The Koalas project makes data scientists more productive when interacting with big data, by implementing the pandas DataFrame API on top of Apache Spark. By unifying the two ecosystems with a familiar API, Koalas offers a seamless transition between small and large data.

**Goals of this notebook:**
* Demonstrate the similarities of the Koalas API with the pandas API
* Understand the differences in syntax for the same DataFrame operations in Koalas vs PySpark

[Koalas Docs](https://koalas.readthedocs.io/en/latest/index.html)

[Koalas Github](https://github.com/databricks/koalas)
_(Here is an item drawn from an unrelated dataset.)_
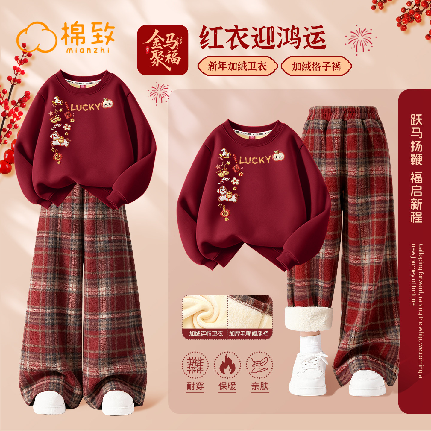 棉致女童冬装套装2026新年本命年过年服女孩衣服年服儿童红色卫衣

**NOTE**: You need to first install `koalas` (PyPI)

### Read in the dataset

* PySpark
* pandas
* Koalas

In [None]:
# PySpark
df = spark.read.parquet("/databricks-datasets/learning-spark-v2/sf-airbnb/sf-airbnb-clean.parquet")

In [None]:
# Pandas
import pandas as pd

pdDF = pd.read_parquet("/dbfs/databricks-datasets/learning-spark-v2/sf-airbnb/sf-airbnb-clean.parquet")
pdDF.head()

In [None]:
# Koalas
import databricks.koalas as ks

kdf = ks.read_parquet("/databricks-datasets/learning-spark-v2/sf-airbnb/sf-airbnb-clean.parquet")
kdf.head()

### Converting to Koalas DataFrame to/from Spark DataFrame

In [None]:
# Creating a Koalas DataFrame from PySpark DataFrame
kdf = ks.DataFrame(df)

In [None]:
# Alternative way of creating a Koalas DataFrame from PySpark DataFrame
kdf = df.to_koalas()

### Value Counts

In [None]:
# To get value counts of the different property types with PySpark
display(df.groupby("property_type").count().orderBy("count", ascending=False))

In [None]:
# Value counts in Koalas
kdf["property_type"].value_counts()

### Visualizations with Koalas DataFrames

In [None]:
kdf.plot(kind="hist", x="bedrooms", y="price", bins=200)

### SQL on Koalas DataFrames

In [None]:
ks.sql("select distinct(property_type) from {kdf}")